EventIngestor

HEC Event Ingestor

class standard_lib.event_ingestors.hec_event_ingestor.HECEventIngestor(required_configs)[source]

Bases: standard_lib.event_ingestors.base_event_ingestor.EventIngestor

Class to ingest event via HEC Event

The format for required_configs is:

{
    hec_uri: {splunk_hec_scheme}://{splunk_host}:{hec_port}/services/collector,
    session_headers(dict):
    {
        "Authorization": f"Splunk <hec-token>",
    }
}

Parameters: required_configs (dict) – Dictionary containing hec_uri and session headers

ingest(events, thread_count)[source]

Ingests event and metric data into splunk using HEC token via event endpoint.

For batch ingestion of events in a single request at event endpoint provide a list of event dict to be ingested.
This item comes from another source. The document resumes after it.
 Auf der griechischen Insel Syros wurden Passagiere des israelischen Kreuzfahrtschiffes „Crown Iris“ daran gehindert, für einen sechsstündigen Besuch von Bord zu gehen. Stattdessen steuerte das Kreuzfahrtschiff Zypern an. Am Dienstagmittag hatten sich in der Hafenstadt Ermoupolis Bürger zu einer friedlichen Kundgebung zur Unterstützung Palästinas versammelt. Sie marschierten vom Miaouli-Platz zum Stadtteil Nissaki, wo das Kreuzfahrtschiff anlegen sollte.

The format of dictionary for ingesting a single event:

{
    "sourcetype": "sample_HEC",
    "source": "sample_source",
    "host": "sample_host",
    "event": "event_str"
}

The format of dictionary for ingesting a batch of events:

[
    {
        "sourcetype": "sample_HEC",
        "source": "sample_source",
        "host": "sample_host",
        "event": "event_str1"
    },
    {
        "sourcetype": "sample_HEC",
        "source": "sample_source",
        "host": "sample_host",
        "event": "event_str2"
    },
]

Parameters: events (list) – List of events (SampleEvent) to be ingested

HEC Raw Ingestor

class standard_lib.event_ingestors.hec_raw_ingestor.HECRawEventIngestor(required_configs)[source]

Bases: standard_lib.event_ingestors.base_event_ingestor.EventIngestor

Class to ingest event via HEC Raw

The format for required_configs is:

{
    hec_uri: {splunk_hec_scheme}://{splunk_host}:{hec_port}/services/collector,
    session_headers(dict):
    {
        "Authorization": f"Splunk <hec-token>",
    }
}

Parameters: required_configs (dict) – Dictionary containing hec_uri and session headers

ingest(events, thread_count)[source]

Ingests data into splunk via raw endpoint.
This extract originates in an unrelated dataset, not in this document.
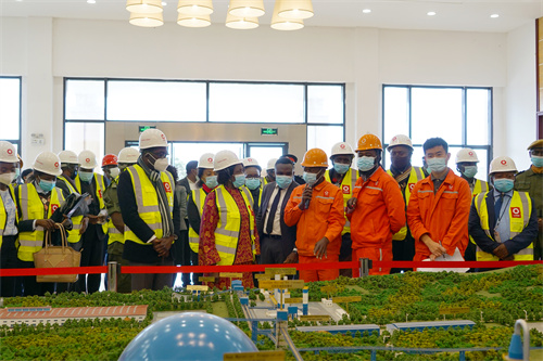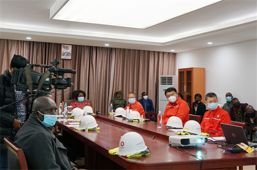 伊农格·维纳一行首先来到销售楼会议室,全员一起观看了中国建材集团文化宣传片及中国建材赞比亚工业园介绍短片,对企业项目投资建设、创造就业、社会履责、企业生产经营现状进行了初步了解。

For batch ingestion of events in a single request at raw endpoint provide a string of events in data to be ingested.

The format of event and params for ingesting a single event:

'127.0.0.1 - admin [28/Sep/2016:09:05:26.875 -0700] "GET /servicesNS/admin/launcher/data/ui/views?count=-1 HTTP/1.0" 200 126721 - - - 6ms'

{
    "sourcetype": "sample_HEC",
    "source": "sample_source",
    "host": "sample_host",
}

The format of event and params for ingesting a batch of events:

    '''127.0.0.1 - admin [28/Sep/2016:09:05:26.875 -0700] "GET /servicesNS/admin/launcher/data/ui/views?count=-1 HTTP/1.0" 200 126721 - - - 6ms
    127.0.0.1 - admin [28/Sep/2016:09:05:26.917 -0700] "GET /servicesNS/admin/launcher/data/ui/nav/default HTTP/1.0" 200 4367 - - - 6ms
    127.0.0.1 - admin [28/Sep/2016:09:05:26.941 -0700] "GET /services/apps/local?search=disabled%3Dfalse&count=-1 HTTP/1.0" 200 31930 - - - 4ms'''

{
    "sourcetype": "sample_HEC",
    "source": "sample_source",
    "host": "sample_host",
}

Parameters

events (list) – List of events (SampleEvent) to be ingested
params (dict) – dict with the info of the data to be ingested.

SC4S Event Ingestor

class standard_lib.event_ingestors.sc4s_event_ingestor.SC4SEventIngestor(required_configs)[source]

Bases: standard_lib.event_ingestors.base_event_ingestor.EventIngestor

Class to Ingest Events via SC4S

The format for required_configs is:

{
    sc4s_host (str): Address of the Splunk Server. Do not provide http scheme in the host.
    sc4s_port (int): Port number of the above host address
}

Parameters: required_configs (dict) – Dictionary containing splunk host and sc4s port

ingest(events, thread_count)[source]

Ingests events in the splunk via sc4s (Single/Batch of Events)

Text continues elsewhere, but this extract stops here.